We know that after 10 hours of stress, GC goes crazy and full GC sometimes takes 5 seconds. So we assume it has something to do with memory.
jstack during that period showed all threads as blocked. pstack during that time, showed MarkSweep stack trace occasionally, so we can't be sure about this as well. Sending SIGQUIT yielded nothing: Java dumped the stack trace AFTER the SYS% load period was over.
We're now trying to reproduce this problem with a small fragment of code so we can ask Sun.
If you know what's causing it, please let us know. We're open to ideas and we are clueless, any idea is welcome :)
Thanks for your time.
Thanks to everybody for helping out.
Eventually we upgraded (only half of the java servers,) to JDK 1.6 and the problem disappeared. Just don't use 1.5.0.10 :)
We managed to reproduce these problems by just accessing null pointers (boosts SYS instead of US, and kills the entire linux.)
Again, thanks to everyone.
If you're certain that GC is the problem (and it does sound like it based on your description), then adding the -XX:+HeapDumpOnOutOfMemoryError flag to your JBoss settings might help (in JBOSS_HOME/bin/run.conf).
You can read more about this flag here. It was originally added in Java 6, but was later back-ported to Java 1.5.0_07.

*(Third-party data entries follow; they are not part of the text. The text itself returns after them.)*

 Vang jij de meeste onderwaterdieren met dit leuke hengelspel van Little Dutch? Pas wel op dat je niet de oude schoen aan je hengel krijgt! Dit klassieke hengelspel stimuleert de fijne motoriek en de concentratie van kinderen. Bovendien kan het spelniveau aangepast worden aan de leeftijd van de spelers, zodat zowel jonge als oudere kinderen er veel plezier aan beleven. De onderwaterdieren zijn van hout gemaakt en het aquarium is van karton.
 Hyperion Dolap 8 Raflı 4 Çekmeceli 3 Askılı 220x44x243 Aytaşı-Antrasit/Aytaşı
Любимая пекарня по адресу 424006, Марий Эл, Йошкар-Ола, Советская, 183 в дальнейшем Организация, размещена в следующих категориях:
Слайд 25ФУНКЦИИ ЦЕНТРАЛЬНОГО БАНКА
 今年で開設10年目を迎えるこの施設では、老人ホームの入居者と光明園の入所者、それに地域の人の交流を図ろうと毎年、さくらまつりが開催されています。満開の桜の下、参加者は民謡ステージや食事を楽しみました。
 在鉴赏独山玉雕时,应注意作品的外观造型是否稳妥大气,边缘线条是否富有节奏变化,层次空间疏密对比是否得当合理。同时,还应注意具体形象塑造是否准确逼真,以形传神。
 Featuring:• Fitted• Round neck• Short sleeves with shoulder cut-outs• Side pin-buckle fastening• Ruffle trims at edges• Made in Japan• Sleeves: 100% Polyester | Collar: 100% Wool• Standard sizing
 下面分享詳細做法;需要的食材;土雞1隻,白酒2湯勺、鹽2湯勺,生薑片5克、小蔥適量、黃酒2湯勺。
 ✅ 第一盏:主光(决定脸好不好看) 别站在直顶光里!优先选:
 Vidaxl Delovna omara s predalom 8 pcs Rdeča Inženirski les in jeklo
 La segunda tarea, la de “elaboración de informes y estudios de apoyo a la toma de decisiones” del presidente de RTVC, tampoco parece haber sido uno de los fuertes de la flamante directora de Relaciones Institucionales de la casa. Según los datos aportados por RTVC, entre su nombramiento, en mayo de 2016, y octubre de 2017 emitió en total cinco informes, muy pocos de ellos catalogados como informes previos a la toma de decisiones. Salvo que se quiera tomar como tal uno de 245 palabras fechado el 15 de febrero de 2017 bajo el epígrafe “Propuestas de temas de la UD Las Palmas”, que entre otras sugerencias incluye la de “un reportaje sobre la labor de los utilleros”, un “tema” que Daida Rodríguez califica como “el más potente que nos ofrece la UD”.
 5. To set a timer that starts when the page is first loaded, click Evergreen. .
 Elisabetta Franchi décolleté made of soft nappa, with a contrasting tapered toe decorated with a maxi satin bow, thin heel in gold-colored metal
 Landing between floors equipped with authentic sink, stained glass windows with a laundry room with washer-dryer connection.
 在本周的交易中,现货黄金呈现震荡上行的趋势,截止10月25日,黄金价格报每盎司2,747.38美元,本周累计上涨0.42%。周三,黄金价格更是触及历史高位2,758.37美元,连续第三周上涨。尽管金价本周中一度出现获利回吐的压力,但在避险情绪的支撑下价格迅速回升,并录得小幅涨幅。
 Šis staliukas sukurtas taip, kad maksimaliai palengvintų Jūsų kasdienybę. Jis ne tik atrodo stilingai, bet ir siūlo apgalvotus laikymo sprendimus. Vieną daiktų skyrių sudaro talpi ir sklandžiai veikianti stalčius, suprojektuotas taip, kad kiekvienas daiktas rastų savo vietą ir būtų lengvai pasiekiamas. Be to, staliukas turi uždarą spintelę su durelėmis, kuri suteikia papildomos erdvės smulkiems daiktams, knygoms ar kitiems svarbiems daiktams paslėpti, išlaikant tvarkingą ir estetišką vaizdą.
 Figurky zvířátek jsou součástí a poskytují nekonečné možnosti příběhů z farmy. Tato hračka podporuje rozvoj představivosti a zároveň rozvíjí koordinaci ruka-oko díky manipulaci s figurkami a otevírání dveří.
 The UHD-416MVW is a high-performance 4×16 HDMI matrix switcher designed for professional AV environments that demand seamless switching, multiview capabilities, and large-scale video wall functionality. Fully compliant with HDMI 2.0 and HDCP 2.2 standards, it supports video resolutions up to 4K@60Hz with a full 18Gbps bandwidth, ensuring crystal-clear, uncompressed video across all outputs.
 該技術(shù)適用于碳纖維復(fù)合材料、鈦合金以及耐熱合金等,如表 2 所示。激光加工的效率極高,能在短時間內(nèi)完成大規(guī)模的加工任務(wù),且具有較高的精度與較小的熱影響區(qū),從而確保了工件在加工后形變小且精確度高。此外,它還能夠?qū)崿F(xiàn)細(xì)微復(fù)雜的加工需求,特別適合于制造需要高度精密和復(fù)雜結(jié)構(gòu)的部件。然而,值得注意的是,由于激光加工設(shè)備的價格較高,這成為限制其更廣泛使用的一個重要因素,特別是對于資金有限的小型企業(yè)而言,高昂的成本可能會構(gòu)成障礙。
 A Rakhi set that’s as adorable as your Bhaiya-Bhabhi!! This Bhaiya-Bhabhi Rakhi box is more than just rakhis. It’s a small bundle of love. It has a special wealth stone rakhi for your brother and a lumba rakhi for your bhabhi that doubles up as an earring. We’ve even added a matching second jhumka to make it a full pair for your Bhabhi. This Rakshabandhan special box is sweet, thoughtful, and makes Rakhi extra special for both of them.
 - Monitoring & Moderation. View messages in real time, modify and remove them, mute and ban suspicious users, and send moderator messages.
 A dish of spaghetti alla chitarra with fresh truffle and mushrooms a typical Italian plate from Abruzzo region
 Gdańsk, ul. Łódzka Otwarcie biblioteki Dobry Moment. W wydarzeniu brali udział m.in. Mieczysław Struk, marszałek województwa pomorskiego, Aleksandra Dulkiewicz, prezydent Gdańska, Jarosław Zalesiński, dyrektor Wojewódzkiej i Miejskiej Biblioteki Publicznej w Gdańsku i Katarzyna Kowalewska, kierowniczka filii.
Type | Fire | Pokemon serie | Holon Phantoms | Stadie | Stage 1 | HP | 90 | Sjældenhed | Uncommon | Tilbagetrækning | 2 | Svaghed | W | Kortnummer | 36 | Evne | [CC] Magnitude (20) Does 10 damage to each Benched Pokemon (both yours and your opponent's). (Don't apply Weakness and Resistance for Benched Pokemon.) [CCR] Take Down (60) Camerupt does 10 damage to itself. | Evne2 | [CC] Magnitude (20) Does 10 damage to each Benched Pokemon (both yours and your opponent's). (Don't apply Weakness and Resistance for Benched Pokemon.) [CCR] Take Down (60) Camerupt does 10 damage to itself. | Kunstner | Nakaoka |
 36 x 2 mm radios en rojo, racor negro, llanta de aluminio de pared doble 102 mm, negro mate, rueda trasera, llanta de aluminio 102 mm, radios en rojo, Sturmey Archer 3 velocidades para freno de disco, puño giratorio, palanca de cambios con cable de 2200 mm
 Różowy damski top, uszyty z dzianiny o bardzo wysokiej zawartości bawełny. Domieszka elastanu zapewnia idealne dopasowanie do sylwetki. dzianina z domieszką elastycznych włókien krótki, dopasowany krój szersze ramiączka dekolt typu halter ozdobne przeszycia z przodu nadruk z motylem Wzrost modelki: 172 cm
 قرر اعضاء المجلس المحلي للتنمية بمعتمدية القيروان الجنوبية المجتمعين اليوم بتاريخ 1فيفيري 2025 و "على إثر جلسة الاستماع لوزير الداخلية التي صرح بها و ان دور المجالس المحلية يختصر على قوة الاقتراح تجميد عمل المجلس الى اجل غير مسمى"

Basically, you will get a "dump file" if an OutOfMemoryError occurs, which you can then open in various profiling tools. We've had good luck with the Eclipse Memory Analyzer.
This won't give you any "free" answers, but if you truly have a memory leak, then this will help you find it.
Have you tried profiling applications. There are some good profiling applications that can run on production servers. Those should give you if GC is running into trouble and with which objects
I had a similar issue with JBoss (JBoss 4, Linux 2.6) last year. I think in the end it did turn out to be related to an application bug, but it was definitely very hard to figure out. I would keep trying to send a 'kill -3' to the process, to get some kind of stack trace and figure out what is blocking. Maybe add logging statements to see if you can figure out what is setting it off. You can use 'lsof' to figure out what files it has open; this will tell you if there is a leak of some resource other than memory.
Also, why are you running JBoss with -client instead of -server? (Not that I think it will help in this case, just a general question).
You could try adding the command line option -verbose:gc which should print GC and heap sizes out to stdout. pipe stdout to a file and see if the high cpu times line up with a major gc.
I remember having similar issues with JBoss on Windows. Periodically the cpu would go 100%, and the Windows reported mem usage would suddenly drop down to like 2.5 MB, much smaller than possible to run JBoss, and after a few seconds build itself back up. As if the entire server came down and restarted itself. I eventually tracked my issue down to a prepared statement cache never expiring in Apache Commons.
If it does seem to be a memory issue, then you can start taking periodic heap dumps and comparing the two, or use something like JProbe Memory profiler to track everything.